It's always courting disaster to wait on what other clubs give you before you set out after what you need yourself.

Financial difficulties might mitigate such an approach. In Leicester's case, that didn't apply.


----------



## hatterson

Live in the Now said:


> Kompany hurt again. Calf problem this time.




If it ends up being long term, I might demote them from the top of my prediction list. Kompany covers a lot of mental error by their other guys when he's on the pitch.


----------



## hatterson

hatterson said:


> City, United, Chelsea, Liverpool, Aresenal, Spurs




Assuming no big injuries (like if Kompany misses time from the above mentioned injury) I'll stick with this with the exception of flopping Arsenal and Spurs.


----------



## Savant

Joyce says Mignolet will get the LFC league games and Karius will get the CL game; or at least that is the plan.


----------



## Blender

hatterson said:


> If it ends up being long term, I might demote them from the top of my prediction list. Kompany covers a lot of mental error by their other guys when he's on the pitch.




Yea they end up relying on guys like Otamendi a lot more without Kompany there, and he just isn't very good at covering players in the box.


----------



## Chimaera

S E P H said:


> Don't forget that Sanchez chose Arsenal over Liverpool, such as Suarez wanting a move to Arsenal from Liverpool. Of course cities were probably a big part of the decision, but Arsenal is just a "bigger club" in regards to aura and attraction to players, this is even with the Kroenke and Wenger viruses causing Fourthplacitis instead of a Wengerectomy. Man, my analogies are on fire today.




Arsenal is not a bigger club in anyway. 

Sanchez came because London is decent and Liverpool is about as nice as Pittsburgh. Both underrated, but a dude from Chile isn't going to enjoy it.
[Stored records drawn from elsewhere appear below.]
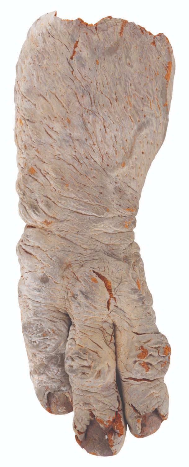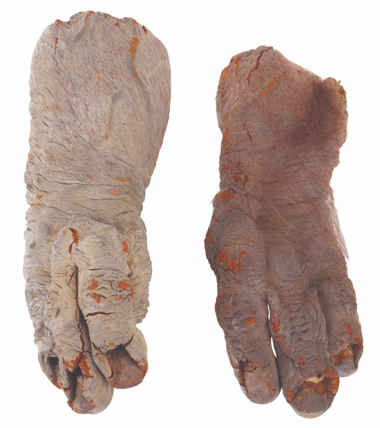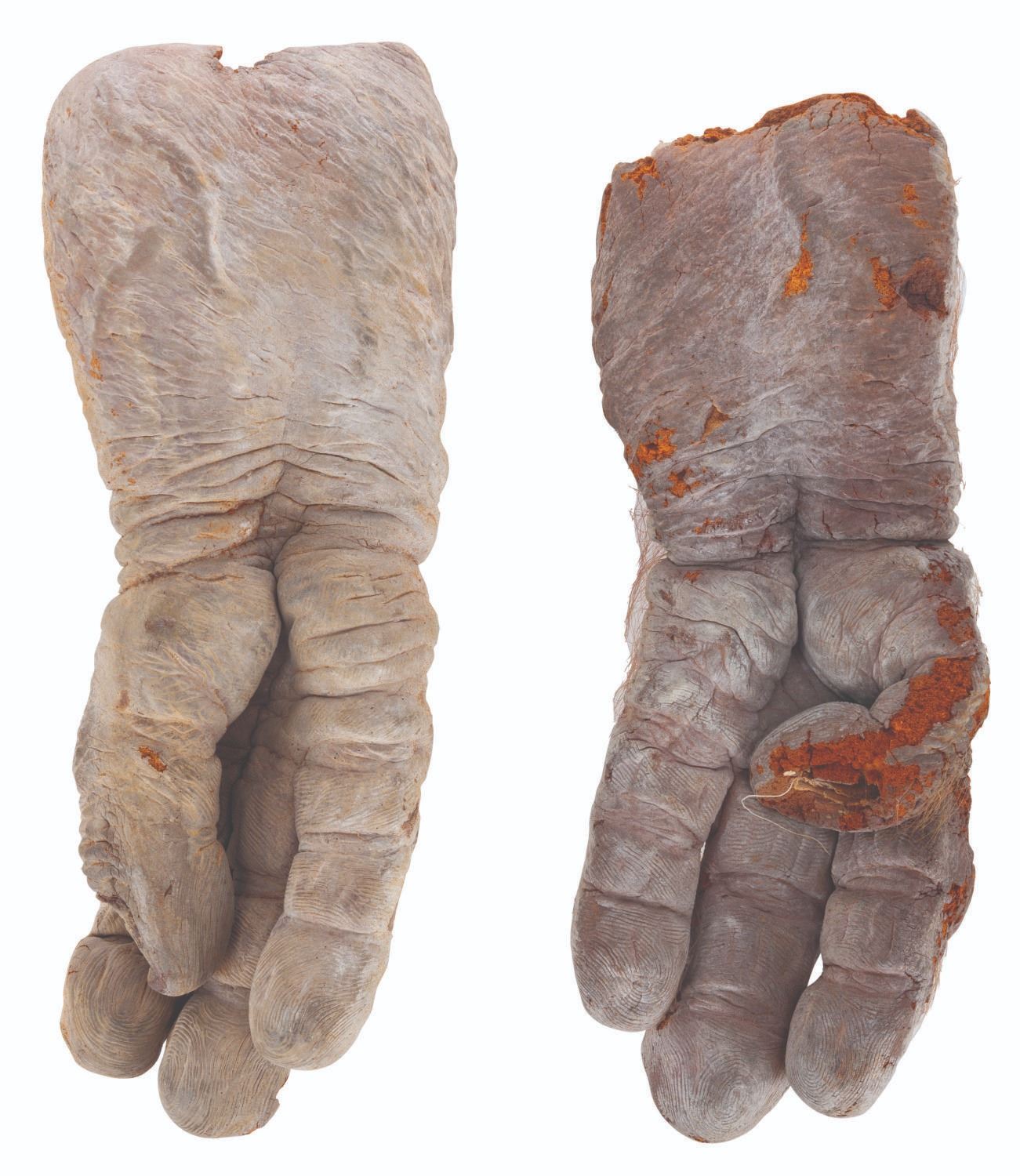 (Touchstone, 1991) A pair of troll costume hands made by creature effects experts, the Chiodo Brothers, for Jim Varney's Halloween comedy "Ernest Scared Stupid." Measuring 12.5" long, the hand-painted foam hands are in fair condition with heavy flaking, material loss, cracks throughout, paint loss, and wear from production use.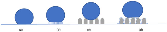 Schematic arrangement of a water droplet on (a) smooth and non-modified surface, (b) smooth and laser-modified surface, (c) surface geometrised during production, (d) hierarchic structure formed during laser modification.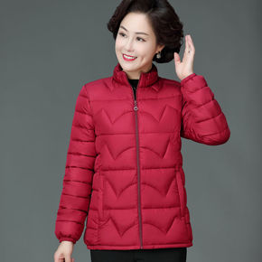 妈妈冬装羽绒棉服短款立领小棉衣大码中老年女装洋气薄...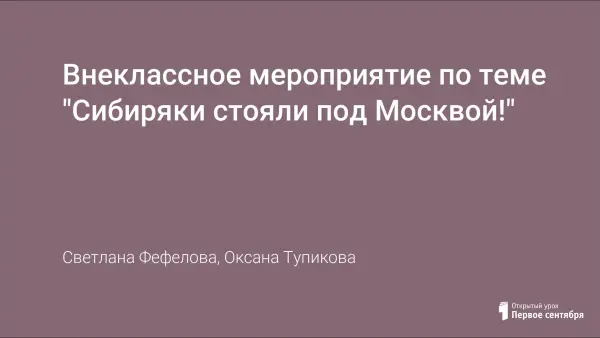 Внеклассное мероприятие по теме "Сибиряки стояли под Москвой!"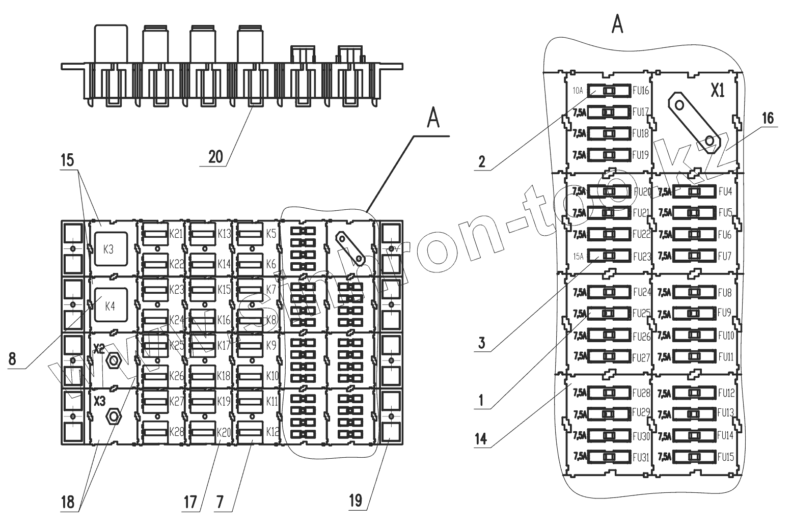 Каталог запасных частей к технике: Амкодор-732. Блок коммутации 732.38.01.000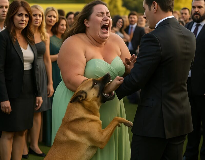 My dog, Koko, who had been lying calmly by our table, suddenly jumped up, charged toward the woman, and bit her on the arm. The woman screamed in pain and fear, trying to fight the dog off and begging us to remove him. Guests ran over, including my bride.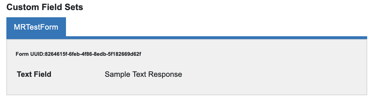 Each custom form has a unique identifier, also known as its UUID. Within the report and edit pages, the UUID will be found within 'Custom Field Sets' subheader and will look something like this:

At this point, Klopp is a bigger draw than Wenger or anyone who replaces it seems. Heck Klopp is pulling over Chelsea and City.


----------



## S E P H

Deficient Mode said:


> He is actually. He is one of the best creative players in the world, and creativity is one of the most important attributes in a sport where so few goals are scored.
> 
> In his four seasons at Arsenal, they have 236 points in the 116 matches he has played (2.03 points per match) and 64 in the 36 matches where he didn't play (1.78 points per match). Pretty significant difference there. Without Alexis on the other hand, they had 2.09 points per match and with him they had 1.92 points per match. Funny that you'd call Ã–zil an unnecessary or luxury signing. Laying the blame in the wrong place.



All those numbers matter if the eye test leads to inconclusive data, which for me it doesn't. Not only that, but I would sway my opinion if those numbers were pinpoints of certain data only against the top half clubs of the league (maybe you can, I don't know). For example, I remember one game two years ago where Ozil had three assists. 3 assists against a club like Aston Villa where all of them were wonderfully placed free kicks. Those three perhaps boosted his stats for that season where he could have done nothing else for the next month of games, it's hard to say. 

Trust me, I might bash him quite a bit, but I will honestly say that I don't want to. I would much rather keep both Sanchez and Ozil and have EPL titles and legitimate CL runs with both of them leading this club as the top players. I would prefer not to sell either of them, I want them to succeed, but Ozil just doesn't have the characteristics I personally want players at Arsenal to have. They're not ones which help win trophies. By all means if I was head of Arsenal and you with BVB I would sell him to you for not even fee, but for a trade for Dahoud (which is a win for Dortmund). I'm going through the same situation with the Avs where all our top players are wanting a move out of the team. I would've absolutely loved to win the Cup with Duchene, O'Reilly, and Roy as our coach, but sometimes you just have the wrong formula which needs a change. I want players who want to compete, want to succeed, and understand that being in the situation they're in should have a lot of meaning considering 90% of the planet would kill for that. That's something I think Ozil/ex-Avs players take for granted.



bleedblue1223 said:


> He's immensely talented in a specific role. So, yes, he's one of the best #10, but he's not versatile, so any manager with a brain would play a system suited to his strengths.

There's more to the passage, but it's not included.